Despite these facts, the Biden administration claims the U.S. needs to dramatically ramp up EV production due to concerns about climate change. The Biden EPA’s proposed tailpipe rule could require two-thirds of new vehicles sold in the U.S. to be all-electric by 2032.
But EVs have never lived up to the hype. Consider these claims:
In 1901, the Los Angeles Times declared, “The electric automobile will quickly and easily take precedence over all other.”
In 1915, the Washington Post asserted that “prices on electric cars will continue to drop until they are within reach of the average family.”
In 1959, the New York Times claimed the “Old electric may be the car of tomorrow.” It claimed EVs were making a comeback because “gasoline is expensive today, principally because it is so heavily taxed, while electricity is far cheaper” than it was in the 1920s.

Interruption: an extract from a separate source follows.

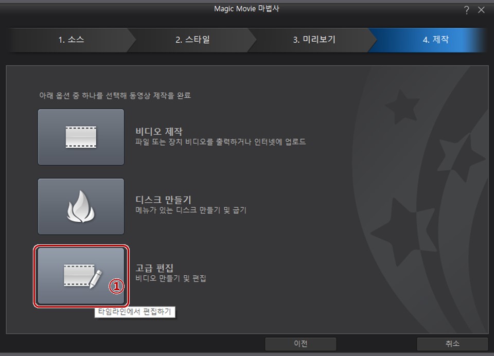 6. [고급 편집]을 눌러 파워디렉터 화면으로 돌아옵니다.
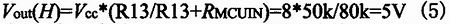 當(dāng)比較器輸出低電平,Q1截止,8V通過R13與微控芯片(MCU)相應(yīng)端口的輸入阻抗RMCUIN進(jìn)行分壓,通常MCU相應(yīng)端口的輸入阻抗RMCUIN≈ 50kΩ,則輸出高電平可以由如下計(jì)算得到:

In 2014, author Tony Seba declared, “By 2025, gasoline engine cars will be unable to compete with electric vehicles.” He continued, claiming conventional vehicles “are toast.”
Hertz doesn’t think they are toast. On January 11, the car rental giant announced it was dumping 20,000 of the Teslas it purchased to “better balance supply against expected demand.” Translated into plain English, that means Hertz’s customers prefer conventional cars. The company also said it aims “to eliminate a disproportionate number of lower margin rentals and reduce damage expense associated with EVs.” Last year, Hertz CEO Stephen Scherr said EVs cost “about twice in terms of damage cost repair” than a conventional vehicle. Hertz’s disastrous EV road trip will cost it $245 million in higher costs and depreciation.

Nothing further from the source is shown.